- Born: Elizabeth Nichols June 21, 2002 (age 24) Plano, Texas, U.S.
- Genres: Country
- Occupations: Singer; songwriter;
- Instruments: Vocals; guitar;
- Years active: 2024–present
- Label: Pulse Records;
- Website: elizabethnichols.co/home

= Elizabeth Nichols (singer) =

American singer-songwriter (born 2002)

Elizabeth Nichols (born June 21, 2002) is an American country singer and songwriter. She was the June 2025 Billboard country rookie of the month, and debuted at the Grand Ole Opry on November 1, 2025.

== Early life ==
Born in Texas in 2002, Nichols is the daughter of a pastor and was raised on a farm near Louisville, Kentucky. She studied writing at Oral Roberts University in Tulsa, Oklahoma, where she completed a study abroad program in Melbourne, Australia, and also earned a Master of Business Administration degree. In August 2024, Nichols moved to Nashville, Tennessee, to pursue law school and music simultaneously, where she enrolled in the Belmont University College of Law. She released her debut single, "I Got a New One", in December 2024, and dropped out of law school around January 2025 to pursue music full-time.

== Career ==
In March 2025, Nichols signed with Pulse Records, the label led by co-executives Scott Cutler and Josh Abraham. In May, Kelly Clarkson covered "I Got a New One" on The Kelly Clarkson Show, and Nichols was named "country rookie of the month" by Billboard that June. Nichols has said that writing songs helps her process events that happen to her.
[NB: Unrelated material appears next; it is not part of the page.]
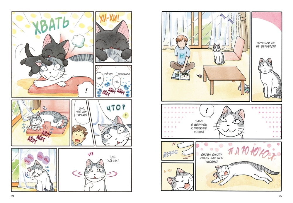 С появлением неугомонного котёнка Тайчика жизнь доброй кошечки Сью наполнилась тревогами и заботами. То малыш на лестницу заберётся и прыгнет с неё – да так, что чуть шею не свернёт, то спрячется неизвестно куда – и ищи его свищи. В общем, не даёт Сью скучать. Но только котики притерлись друг к другу и наладили быт, как за Тайчиком пришёл… его настоящий хозяин!..

In October 2025, she posted snippets of her satirical unreleased song "Might Go MAGA" to TikTok, which went viral. She has said that she intentionally does not explain the symbolism of her lyrics, allowing her listeners to form their own interpretations and reactions. The following month, on November 1, 2025, Nichols made her debut at the Grand Ole Opry. In January 2026, Taste of Country named her an "artist to watch" in 2026. She appeared on The Kelly Clarkson Show in April, singing "I Got a New One"; she described appearing on the show herself as a "full-circle" moment from the cover that boosted her career.